ペルソナ/コンピテンシーモデル ―みんなに好まれそうな言葉は誰にも刺さらない―

みんなに好まれそうな言葉は誰にも刺さらない

どんな人を採用したいですか?と問いかけると、元気で明るくて素直な人という答えが返ってきます。では、仮にあなたがその特徴をもった人をイメージできたとして、採用に関わるメンバー全員とそのイメージは一致するでしょうか。さらに、その人に自社を選んでもらうためのアプローチは思いつきそうでしょうか。例えば、その人をどうやって口説きますか。採用要件が曖昧だと、たとえ運命の人が目の前に現れても、採用チームで連携して効果的に惹きつけて口説くことはできないでしょう。みんなに好まれそうな特徴のない言葉は誰にも刺さりません。あなたの会社の募集要項や採用案内はそうなっていませんか?採用要件はできる限り具体的にイメージする必要があるのです。では、あなたの会社で活躍する人はどんな特徴をもった人でしょうか?

ペルソナ

ペルソナとは、マーケティングや商品開発、サービス設計などにおいて、ターゲットとなるユーザーの代表的なプロフィールを具体的に表現したものです。ペルソナは実際の顧客データやリサーチを基に作成され、ターゲットユーザーの特性、ニーズ、行動パターンなどを詳細に示します。

●ペルソナの構成要素
・基本情報: 名前、年齢、性別、職業、居住地などの基本的なプロフィール
・行動パターン: 日常生活での行動や習慣
・ニーズとゴール: そのペルソナが抱える問題や欲求、達成したい目標
・価値観と態度: ライフスタイルや価値観、製品やサービスに対する期待や態度
・悩みと挑戦: 直面している課題や障害

●ペルソナの目的
ペルソナを作成することで、ターゲットユーザーの視点から商品やサービスを設計しやすくなります。例えば、マーケティングキャンペーンを企画する際に、具体的なペルソナを想定することで、そのペルソナに響くメッセージやチャネルを選びやすくなります。

コンピテンシーモデル

コンピテンシーモデルは、特定の職務や役割において効果的なパフォーマンスを発揮するために必要な知識、スキル、行動、態度を体系的にまとめたものです。

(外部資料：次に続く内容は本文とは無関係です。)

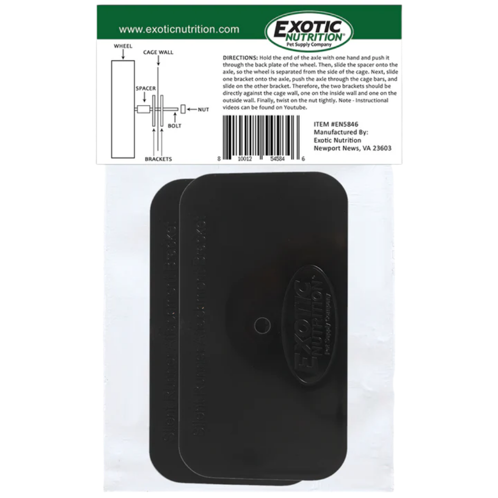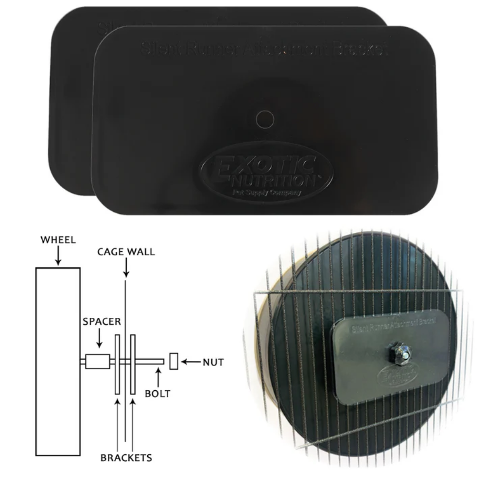 Optimiza el espacio y mejora la instalación de la rueda de tu mascota con el Cage Attachment Bracket de Exotic Nutrition, un accesorio diseñado para montar ruedas directamente en la jaula.

このモデルは、高い成果を上げている従業員の行動特性をもとに作成された「理想の従業員像」を表しています

●コンピテンシーモデルの構成要素
・知識: 業務に関連する理論的な理解や情報(例:マーケティング知識、会計知識)
・スキル: 実際の業務遂行に必要な技術や手法(例:プロジェクト管理スキル、プログラミングスキル)
・能力: 複雑な問題を解決するための思考力や判断力(例:分析能力、リーダーシップ能力)
・行動: 効果的なパフォーマンスを発揮するための具体的な行動(例:顧客対応の迅速さ、チームワークの実践)
・態度: 業務に対する姿勢や価値観(例:向上心、倫理観)

●コンピテンシーモデルの種類
・実在型モデル: 実際に高い成果を出している社員の行動を分析して構築
・理想型モデル: 企業が求める理想の社員像をもとに作成
・ハイブリッド型モデル: 実在型と理想型を組み合わせたもの

ペルソナを使ったマーケティングのアプローチは採用にも活用できるのです。ペルソナが決まったら、どこでどうやったらその人に会えるかを考えます。そしてペルソナがあなたの会社に対して求めていることを想像します。どんなコミュニケーションをすれば、あなたの会社が大切にしている理念や価値観に対してペルソナに心から共感してもらえそうか?そのペルソナは本当にあなたの会社にとって必要な存在なのか?を何度も問い直し、採用メンバーで共有化することで、求職者に対して一貫したメッセージを届けることができるようになります。